Although the invention made by the present inventor has been specifically described based on the embodiments, the invention is not limited to the above-mentioned embodiments and can be variously modified without departing from the scope of the invention. Nor. For example, in the embodiment circuit of FIG. 1, the differential amplifier circuit Amp has its inverting input (-) and output terminal only during the offset cancel operation.
The OUT may be connected to form a voltage follower. When the voltage follower state is set in this way, the presence or absence of an offset can be easily identified by comparing the input reference voltage Vref and the output voltage Vout. Further, the conductivity types of the MOSFETs in FIG. 2 may be all reversed. Further, it may be configured by only the N-channel MOSFET or the P-channel MOSFET. Further, the differential amplifier element may use a bipolar transistor other than the above MOSFET. And
The load circuit in the differential amplifier circuit may use a fixed resistor or a MOSFET as a resistance means in addition to the active load using the current mirror circuit. Then, the MOSFETs Q5 and Q7 as the variable impedance means.
May have different conductance characteristics in advance to supply the same control voltage. Further, the load circuit having a fixed impedance may be provided with an offset in advance, and the variable impedance means may be provided on one side.

[Field of application]

INDUSTRIAL APPLICABILITY The present invention can be widely used as a differential amplifier circuit, and is particularly effective when applied to an A / D, D / A conversion circuit that requires a low offset, or an image signal binarization circuit in a facsimile machine. It plays.

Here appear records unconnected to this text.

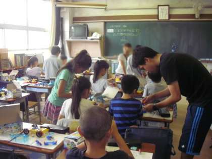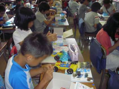 4年生は理科でモーターの勉強をしています。今日は実験セットを使いモーターを動かしてみました。接続がうまくできて、モーターが動き、プロペラが勢いよく回ると「やった!」と満足そう。まだうまく回らない子がいるとみんなで教え合い、協力し合う姿が見られました。
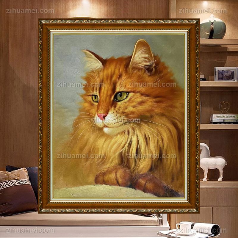 手绘宠物油画儿童卧室油画猫咪动物油画 手绘
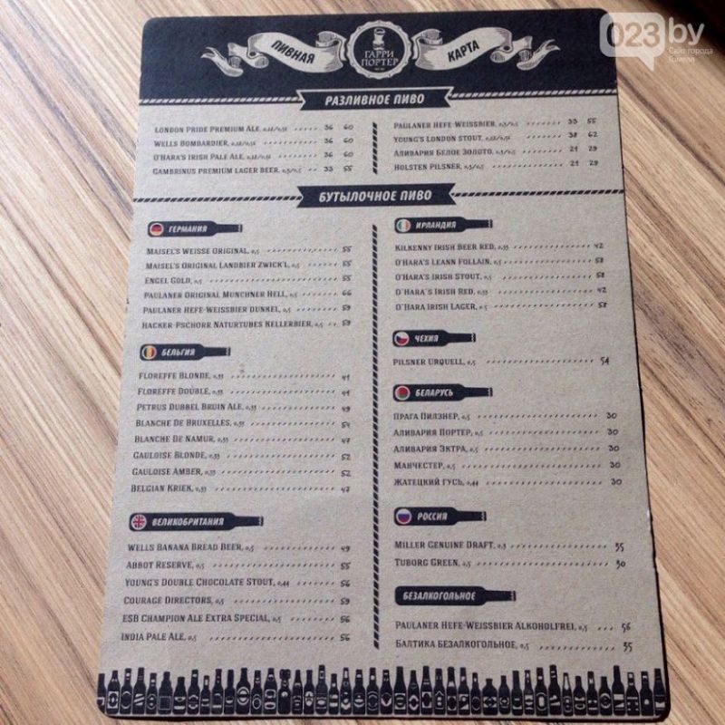 Всего в меню заведения представлено более 45 сортов пива из Англии, Бельгии, Голландии, Германии и других стран Европы. Пока «Гарри Портер» работал в тестовом режиме, гомельчанам особенно пришлось по душе пенное со вкусом банана и овсяное пиво.
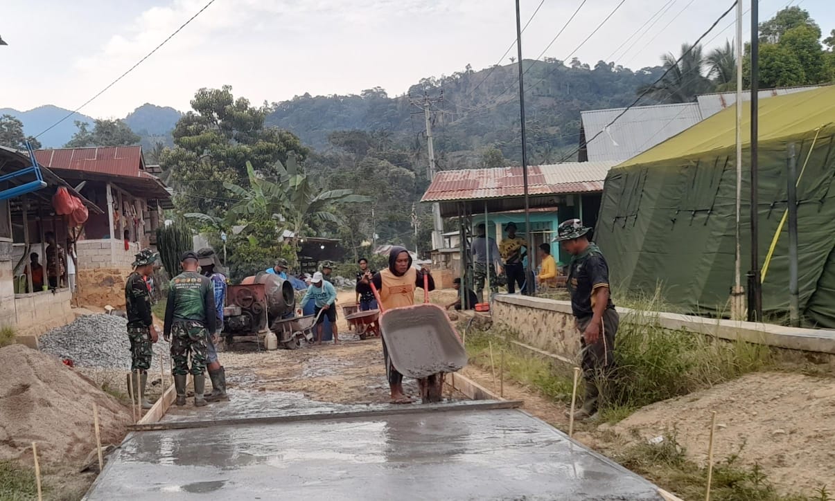 Sekarang? Problem itu mulai menjadi semangat baru setelah lihat para Bapak-bapak TNI tengah melakukan pengecoran rabat beton. Jelas, ekonomi pun mulai hidup lagi.
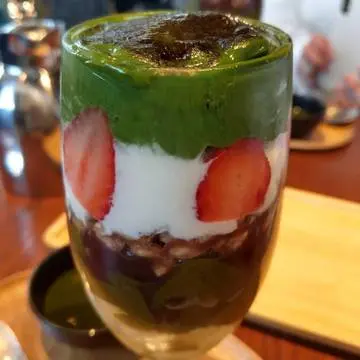 宇治藤井茗縁にて。お目当ての抹茶のブリュレ仕立てパフェ、美味しかった~!
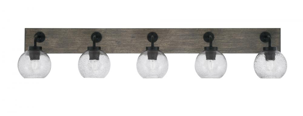 Oxbridge 5 Light Bath Bar In Matte Black & Painted Distressed Wood-look Metal Finish With 5.75 Smoke Bubble Glass
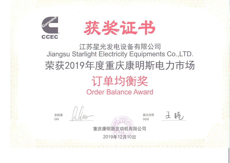 康明斯電力市場(chǎng)訂單均衡獎(jiǎng)

[Brief description of drawings]

FIG. 1 is a block diagram showing an embodiment of the present invention, FIG. 2 is a circuit diagram showing an embodiment of the differential amplifier circuit in FIG. 1, and FIG. 3 is an example of its offset canceling operation. FIG. 6 is a timing chart for explaining the above. Amp: Differential amplifier circuit, VC: Voltage comparison circuit, PC: Timing control circuit

 ─────────────────────────────────────────────────── ─── Continuation of the front page (72) Inventor Yoshiharu Tatari 4026 Kujimachi, Hitachi City Hitachi Ltd. Hitachi Research Laboratory (72) Inventor Masayuki Tateoka 1479 Kamimizumoto Town, Kodaira Hitachi Micro Computer Engineering Incorporated (56) References JP-A-54-64955 (JP, A) JP-A-57-38064 (JP, A) JP-A-57-65907 (JP, A)

Claims (1)

(57) [Claims] 1. A differential amplification MOSFET for amplifying a facsimile image input signal, a drain of each of these differential amplification MOSFETs, and a parallel arrangement with a resistance means. First and second switch MOSFETs are provided at their gates. First and second loads that are supplied with first and second voltages via the terminals and operate as variable impedance means
Between a load circuit including a MOSFET, first and second capacitors provided in the gates of the first and second load MOSFETs and performing a voltage holding operation, and between the gate and the source of the second load MOSFET. And an amplifying section including a third switch MOSFET provided at the time of operation and in the time region where the input signal other than the line feed in the facsimile is not supplied, the amplifying section is made into a voltage follower form, and a reference voltage is applied to its input terminal. Is supplied, and the first and third switch MOSFETs are turned on to supply the first and second loads.
A first operation for making the combined impedance of the MOSFET and the corresponding resistance means unbalanced, and the first and third switch MOSFETs that have been turned on.
Is turned off, the second switch MOSFET is turned on, and the voltage supplied to the gate of the second load MOSFET is changed so that the difference in the output voltage from the reference voltage decreases. And the reference voltage and the output voltage of the amplifier are compared, and when the comparison output signal is inverted from one level to the other level, the second switch MOSFET is turned off, and A differential amplifier circuit comprising an offset adjusting circuit that performs a third operation of holding a gate voltage in a capacitor.